Climate change can enhance grassland productivityJanuary 27th, 2009 - 2:34 pm ICT by ANI
Berlin, Jan 27 (ANI): The results of a recently conducted study by scientists have indicated that climate change can lead to enhanced grass productivity.
The study, by researchers at the Helmholtz Center for Environmental Research (UFZ), the University of Bayreuth and the Helmholtz Center in Munich, Germany, has found that more frequent freeze-thaw cycles in winter can increase biomass production.
For their experiment at the Ecological-Botanical Garden of the University of Bayreuth, the researchers installed underground heating on their plots, thereby enabling five additional thawing periods to take place in the winter of 2005/2006.
They found that on the manipulated plots ten percent more biomass grew compared to on the control plots.
Such increased plant productivity can be explained by several factors, like for example an increase in nitrogen supply in the spring, according to the researchers.
The change between freeze-thaw cycles is considered to be one of the major factors for the release of nitrogen into the soil and consequently for an increase in microbial activity.
Due to global warming and a greater absence of an insulating snow cover, these cyclic processes are likely to increase.

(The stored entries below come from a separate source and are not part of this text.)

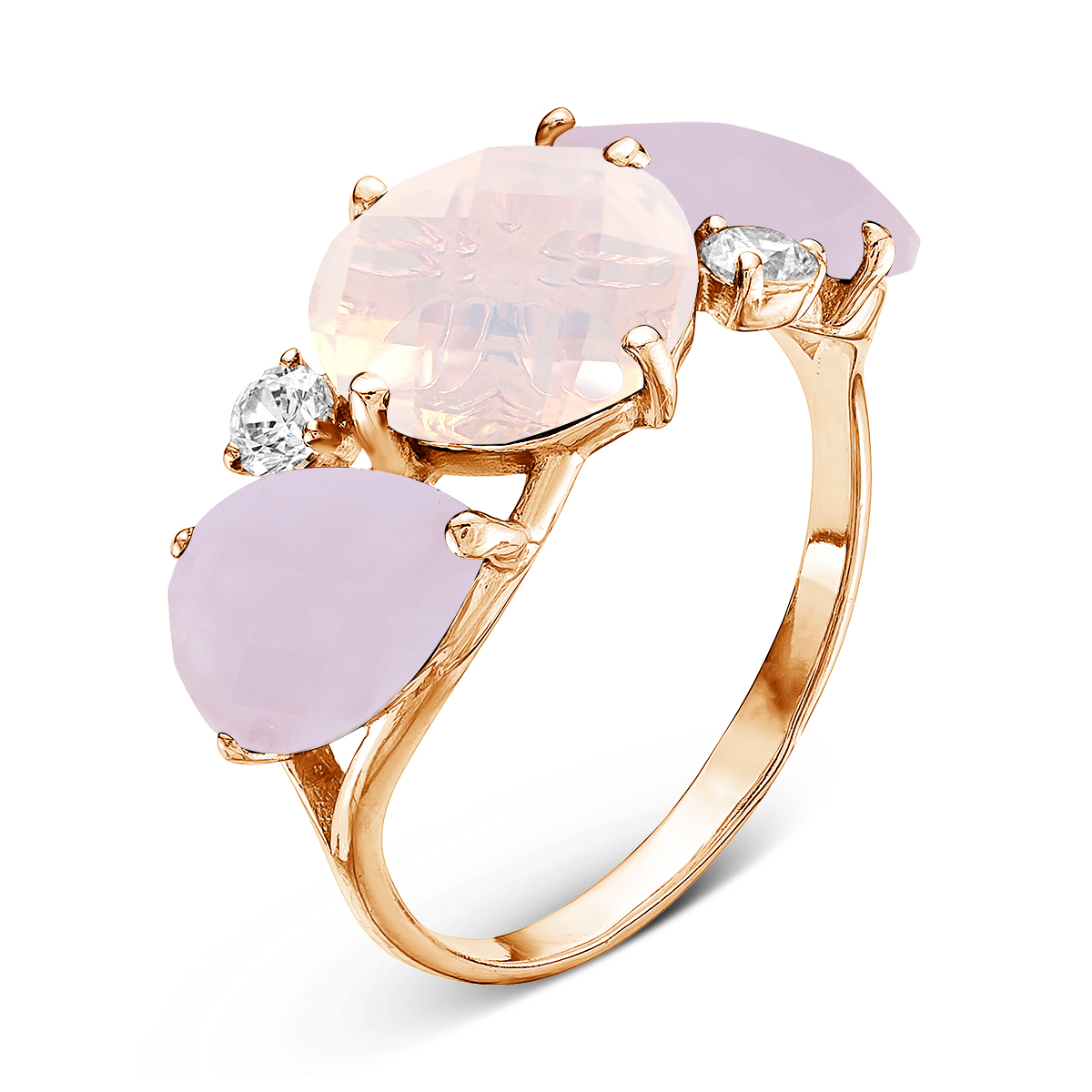 Кольцо из золочёного серебра с пл.кварцем цв.лунный камень,лаванда и фианитами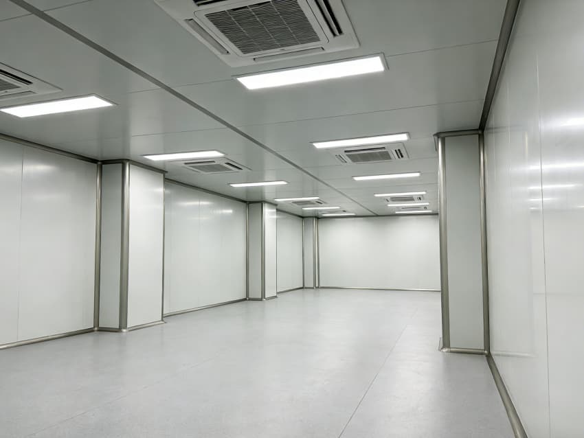 本次呈現(xiàn)的電子精密器件工廠車間以“高精度施工、高潔凈適配”為核心,融合多項專業(yè)施工工藝,車間內(nèi)部施工工藝凸顯精密特性:地面采用淺灰色環(huán)氧防靜電自流平工藝,經(jīng)基層拋丸處理、界面劑涂刷、環(huán)氧砂漿找平、自流平罩面四道核心工序,表面平整度誤差≤0.8mm/m,防靜電性能達10?-10?Ω;墻面采用白色潔凈抗菌涂層施工,推行無縫拼接技術(shù),陰陽角采用R50圓弧倒角工藝,杜絕積塵死角,涂層硬度達2H以上,耐受頻繁清潔。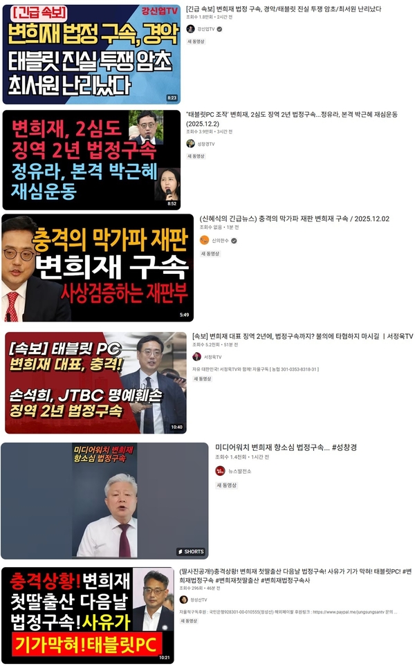 한편, ‘신의한수’, ‘서정욱TV', '성창경TV', '강신업TV', '정성산TV', '빵시기TV', '이병준TV' 등 우파 유튜버들도 변 대표의 구속소식을 알리며 변 대표에 대한 구속이 부당하다는 취지의 방송을 진행했다.
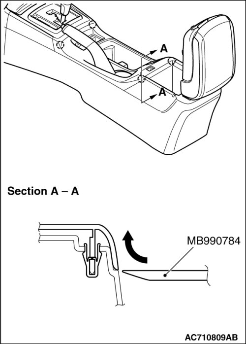 Remove by using special tool MB990784 (ornament remover) as shown in the figure.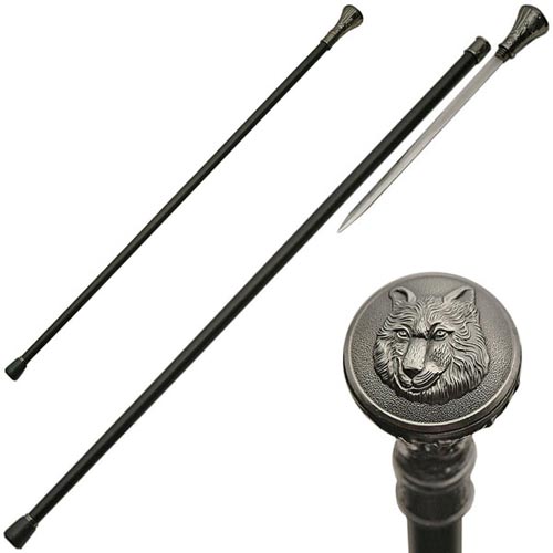 Wolf Head Sword Canes are 36 inches in all. Unscrew the top of the handle to reveal the 12 ΒΌ inch unsharpened stainless steel blade. The cane shaft is crafted in black aluminum and has a rubber stabilizing foot on the end. The top of the handle features a fierce wolf head. Buy the Wolf Sword Canes for $69.99.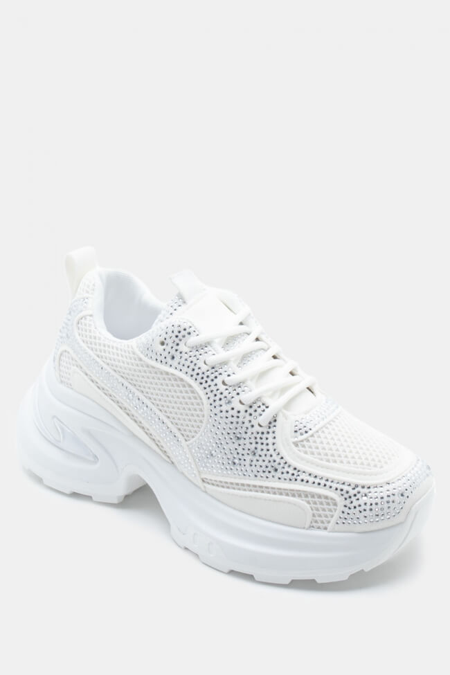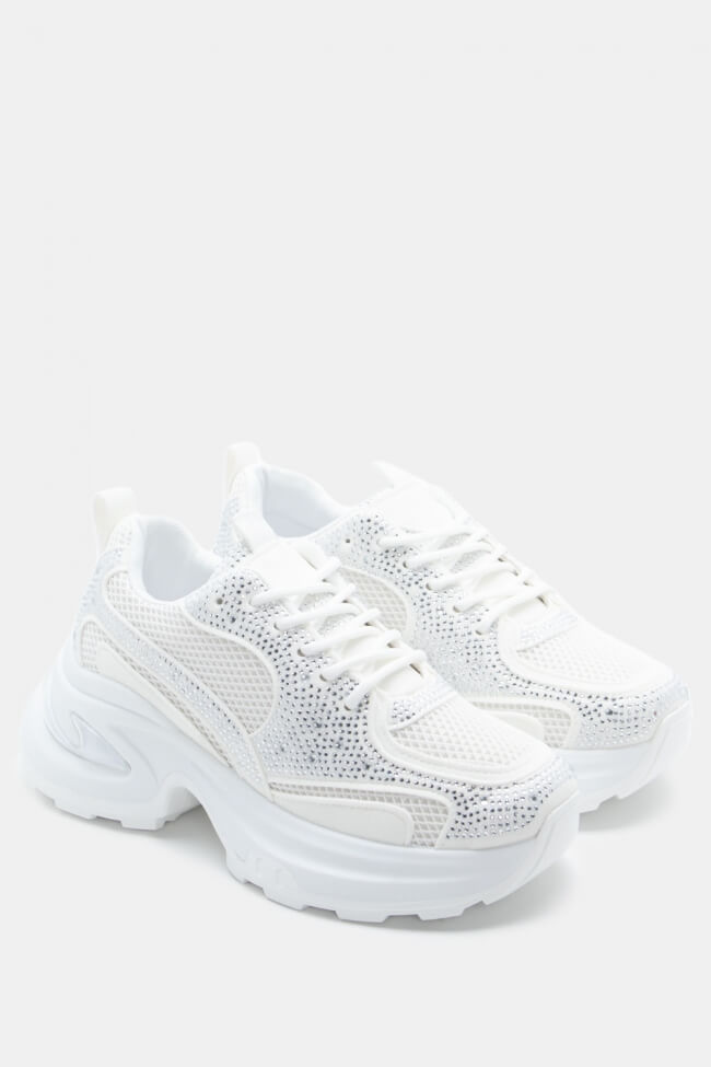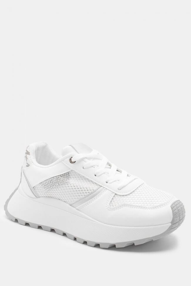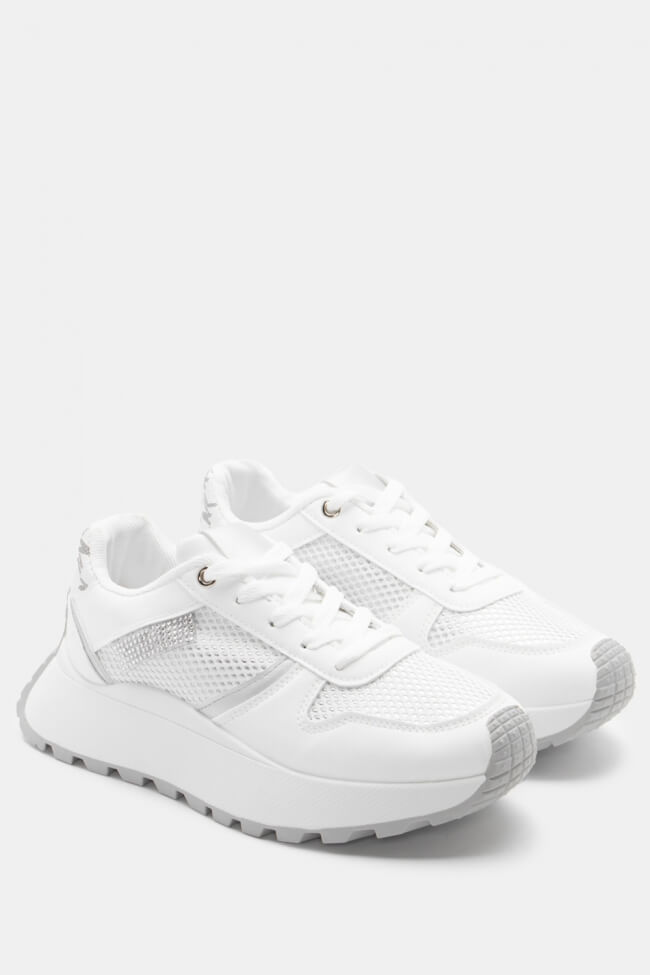 Sneakers in Combinazione di Colori e Materiali con Strass

In spite of this and apart from a study from the North of Sweden, there are hitherto practically no investigations that have conducted research on the significance of these cyclic processes for plants.
Scientists, working together with Jurgen Kreyling, therefore set up an experimental site on the outskirts of Bayreuth to investigate the effects of extreme weather events such as droughts, torrential rain and freeze-thaw processes.
The site is located at the transition between oceanic and continental climates, where the average air temperature in January is 1 degree Celsius. On 30 of the 4m2 plots, one hundred common plants (grasses and herbs) were planted.
As soon as the temperature had remained continuously below 0 degree C for 48 hours, the soil was heated until the temperature remained above 0 degree C for 48 hours.
In the cold winter of 2005/06, which was 2 degree C colder than the long-term average, there were a total of 62 days with ground frost.
The researchers added 5 artificial freeze-thaw cycles to the three natural ones and compared the results from the different plots.
In the following summer, the plants were harvested twice, dried and then weighed.
Here, it was found that the manipulated plots produced 10 percent more above-ground biomass than the control plots on which in the previous winter less freeze-thaw cycles had occurred.
In comparison, it was also found that root length up to five centimeters soil depth was reduced. (ANI)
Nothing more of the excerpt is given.